I don't know if this is an appropriate question here, but I am lost. Is here someone with RStudio and scRNA-Seq experience, who is willing to help me with my project? Maybe talking via Discord? (I am living in the time zone Europe/Berlin.)
I took this https://www.ncbi.nlm.nih.gov/pmc/articles/PMC8077299/ and need to re-do the analysis of the scRNA-Seq parts, but after quite a few hours I got a complete different UMAP (there is no similarity between the paper and mine) and the search for marker genes, which should give me markers for the enterocytes, stem cells, etc,- resulted surprisingly in cancer cells.
Furthermore, I honestly do not know how to proceed with the TAP-count matrix.
I asked the authors for their script, but I am not sure if they are going to help me. That's why I am asking here.
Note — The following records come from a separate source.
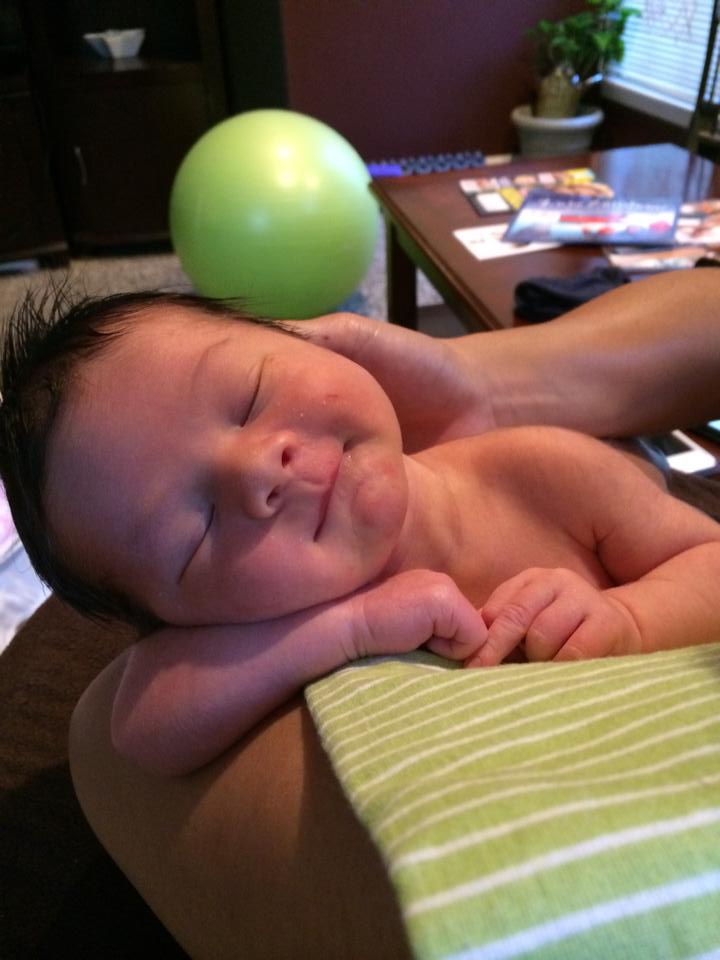 After triage determined I was there to stay, we moved to the labor and delivery room. I wanted an unmedicated delivery and labored for about 7 hours. The pain was manageable through breathing, however when the dr. broke my water at 7 a.m. the contractions got a lot worse. Like blinding, searing pain and I was clinging to the side of the bed for dear life. I asked for the epidural and after an hour, finally got the epidural. It was the best decision I made, because I don't think there was anyway for me to handle the pain for any longer. After the epidural I was so relaxed, it felt like I just got a massage. We were able to relax and sleep for a few hours. When it came time to push, Cameron's heartbeat was dropping dramatically and taking a long time to rise up, the dr. said I was very close to having an emergency c-section due to fetal distress. However once I was on my left side, his heartbeat started to increase. Turns out the cord was wrapped around his neck twice and he also passed muconium. After 1.5 hours of pushing, which is really challenging when your bottom half is asleep, the dr. said that due to my anatomy he'd have to use forceps and vacuum. We just wanted out little guy out safely, and he was born at 6:17 p.m. I had second degree tears, but thank goodness didn't feel anything. Neonatal team was present to check on the baby, and after a few scary seconds of no baby cries, he finally cried. We are home and settled in. Breastfeeding has gone well, and we got lucky with so far an easy baby. We've been able to sleep.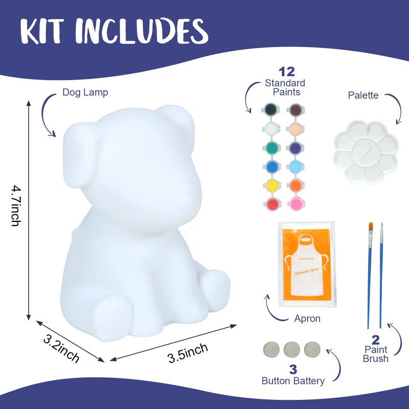 - PAINT AND CREATE YOUR OWN CAT AND DOG LAMP KIT: This combo craft set includes Cat and Dog Lamp, 12 Paint Pots, 2 brushes,1 palette, 1 apron. Plus we gift an extra 6 batteries, providing a fun and enriching experience as a complete art kit. A great value for educational coloring toys suitable for kids ages 6-14.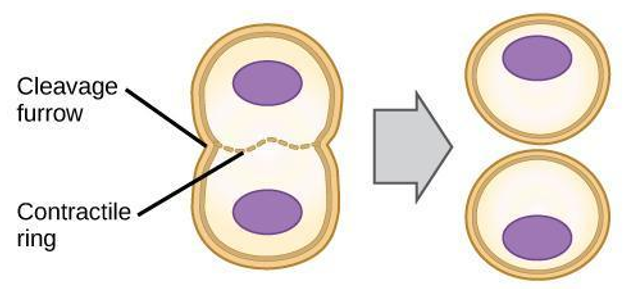 In animal cells, cytokinesis begins following the onset of anaphase. A contractile ring composed of actin filaments forms just inside the plasma membrane at the former metaphase plate. The actin filaments pull the equator of the cell inward, forming a fissure. This fissure, or “crack,” is called the cleavage furrow. The furrow deepens as the actin ring contracts, and eventually, the membrane and cell are cleaved in two (Figure 13-5).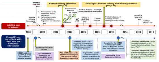 Participants reported three key international directions occurring between 1985 and 1995. These included: (a) Codex Guidelines on Nutrition Labelling, promoting declarations on energy, carbohydrate, protein and fat content (termed as the ‘Big 4’) in 1985 [31]; (b) the World Declaration on Nutrition 1992 urging countries to harmonize with Codex food label requirements [32]; and (c) the establishment of the WTO in 1995, which endorsed Codex guidelines [33]. Case participants noted a lack of significant response in Malaysia to these events during this period, although they did stimulate some policy discussion. Participants commented on the rising trends of overnutrition and NCDs from the 1980s to the 1990s [34,35,36]. Some participants identified government-led prevention actions during this period, such as Healthy Lifestyle Awareness campaigns (1991–2002) that included education on reading food labels [37,38].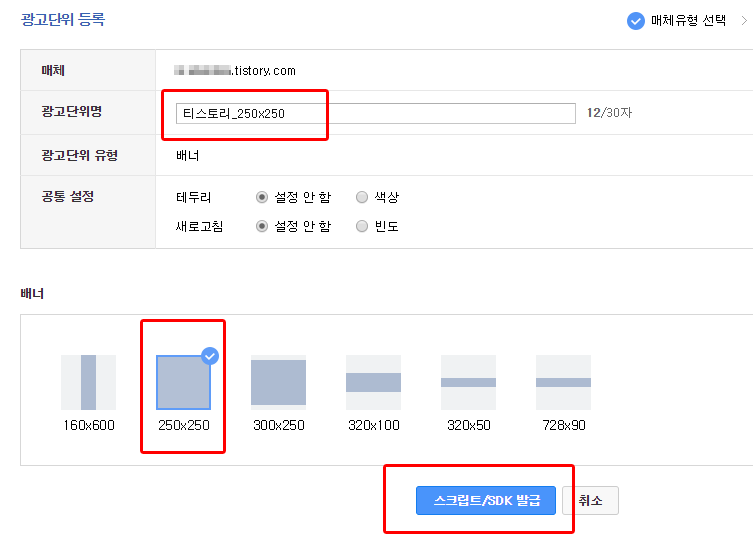 티스토리 상단 광고는 250x250와 728x90, 하단 광고는 728x90 , 사이드바 광고는 160x160 크기를 넣을 수 있으므로 동일한 순서로 광고 크기에 따라 필요한 개수만큼 만들어서 적용하면 된다.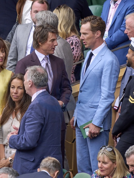 Tom Cruise and Benedict Cumberbatch in the Royal box during the men's final on centre court between Carlos Alcaraz (ESP) and Novak Djokovic (SRB) at the 2024 Wimbledon Championships at The All England Club, London, United Kingdom , 14 July 2024, Credit:Peter van den Berg / Avalon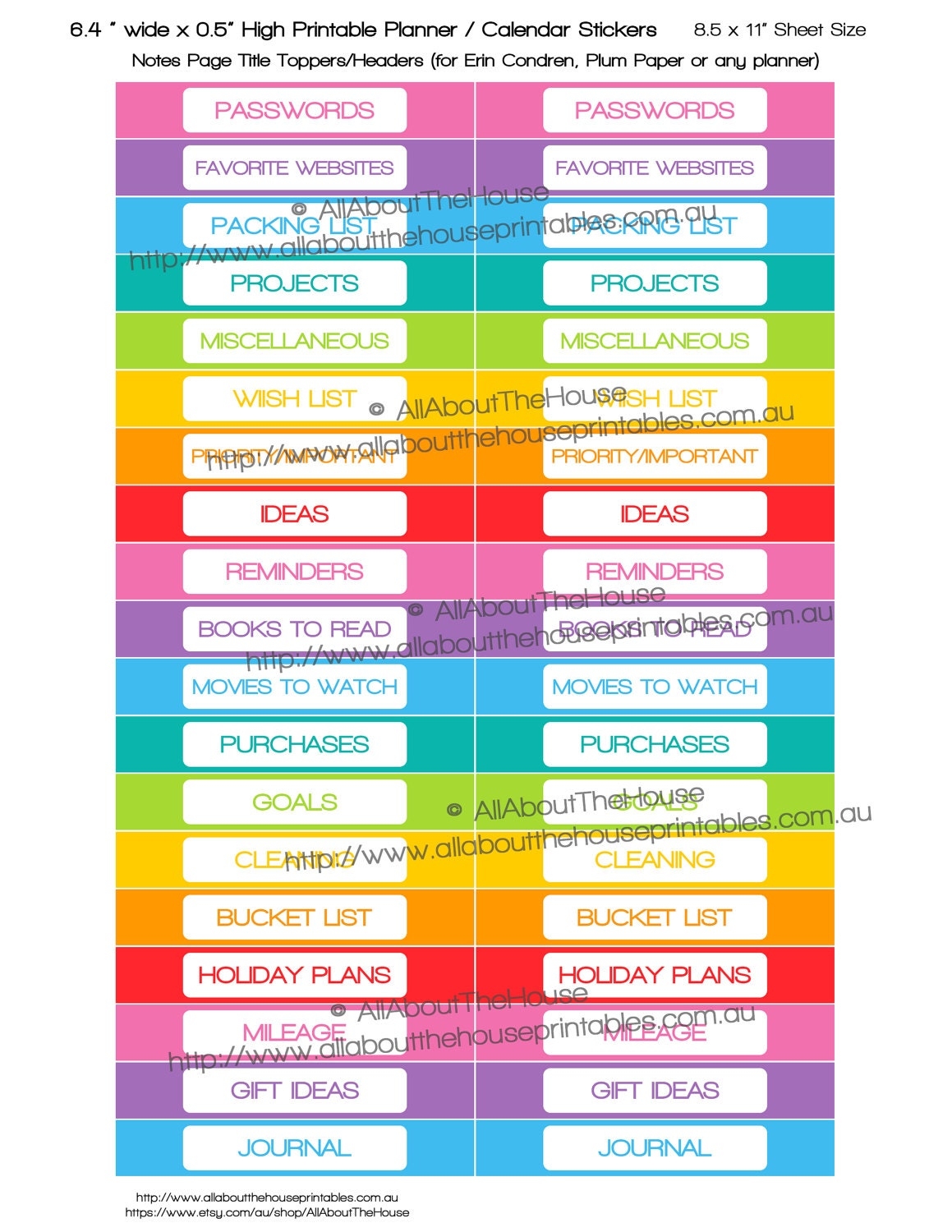 Notes Page Title Topper Header Planner Stickers Checklist Printable To Do List Ideas Tasks Rainbow ECLP Plum Paper Ect NPTS001 Etsy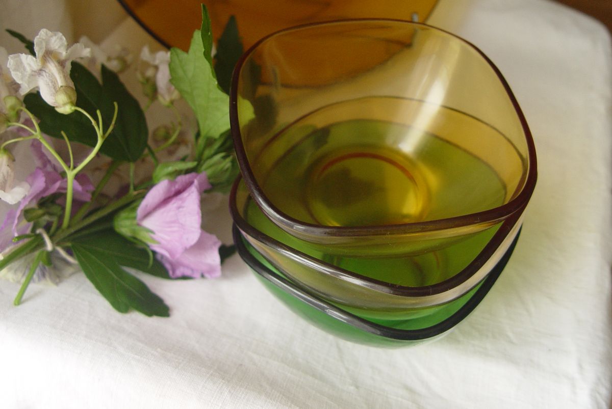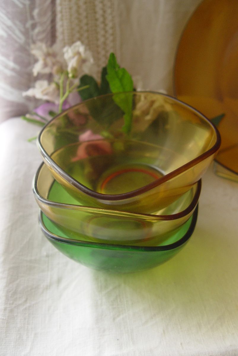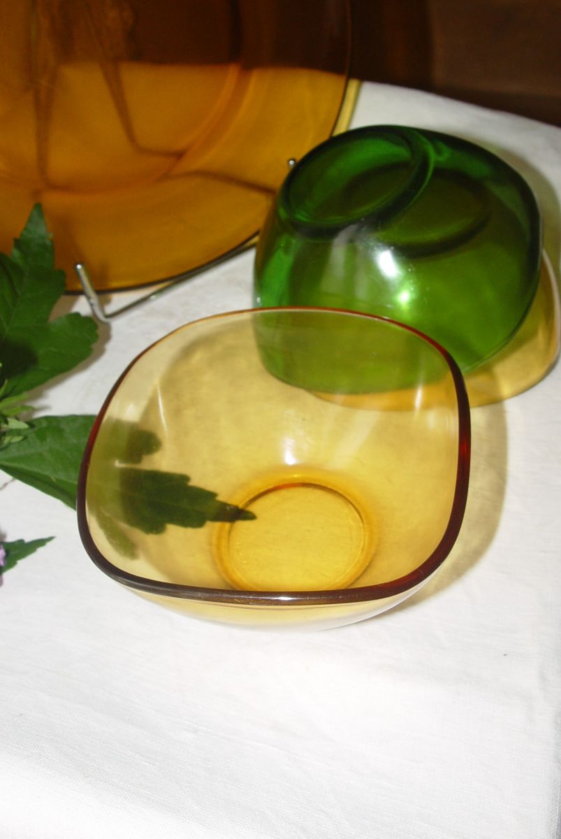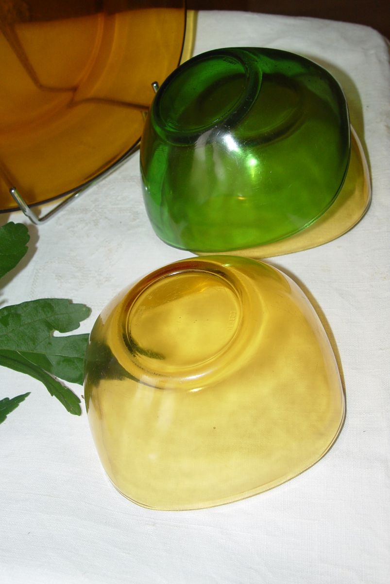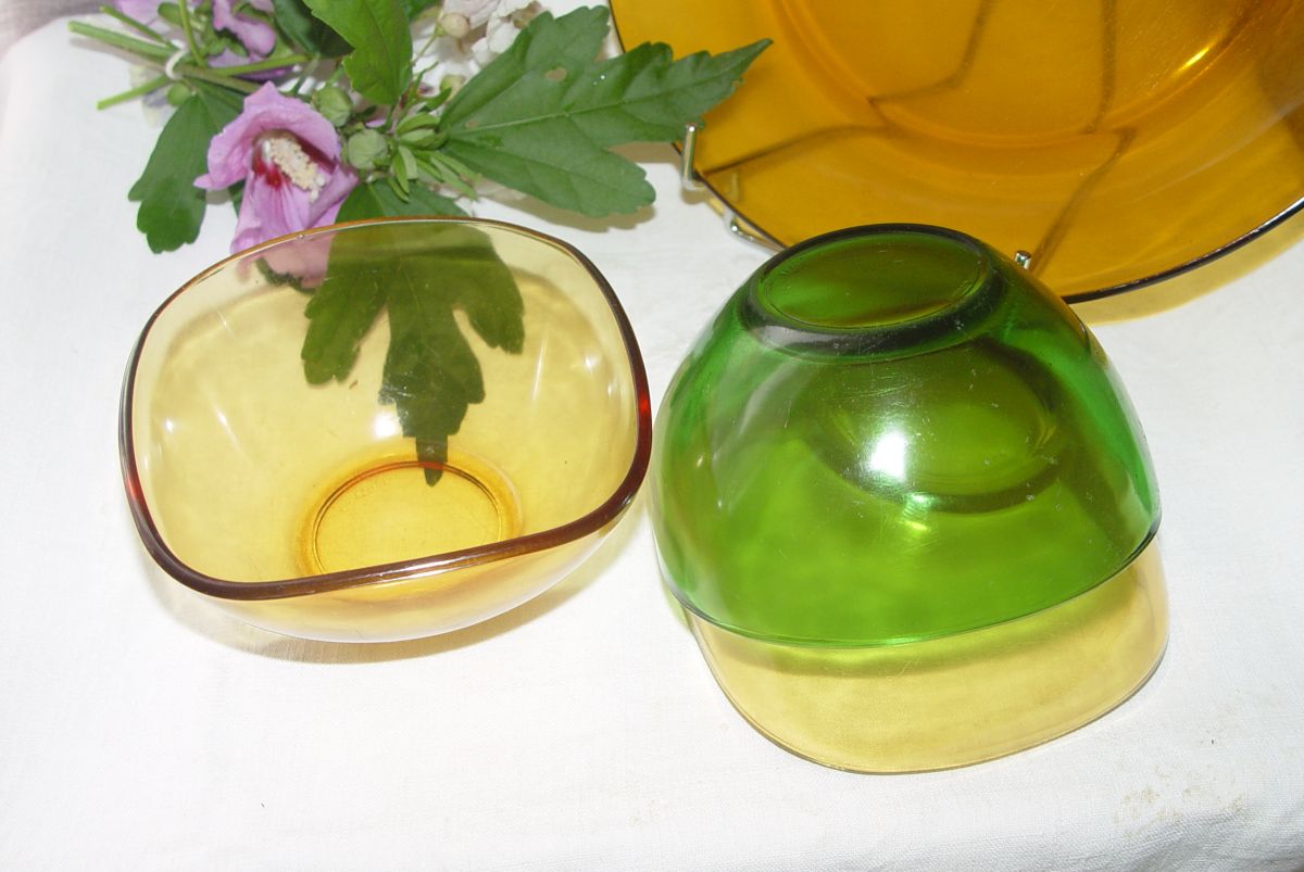 Voici 3 coupelles Duralex : 2 jaunes et une verte) Cette vaisselle était La Reine des buffets (en formica ou " Mado" bien-sûr...! )dans les années 60, réputée inrayable et (presque) incassable !

I know that I will not recreate exactly the same UMAP, but I thought there should be some similar structures.
I let R giving me the top MarkerGenes for each clutster and I searched quickly their names on Google. And every MarkerGene was associated with an GI cancer.
So, I took their already with cell ranger processed files to save some time and I think I did every step they have mentioned in the method part. In my bioinformatics course we had a short introduction to Seurat, so I also orientated on this.
Well, it's not surprising some markers will be associated with GI cancers given that it's GI tissue. Just because a gene is associated with cancer (though what gene isn't, at this point), that doesn't mean it can't be used as a cell-type marker as well. Did you look at the markers they show in figure 1? I expect those will help you annotate your clusters to match theirs.
Ok I will try it sometime later. Thanks for your input.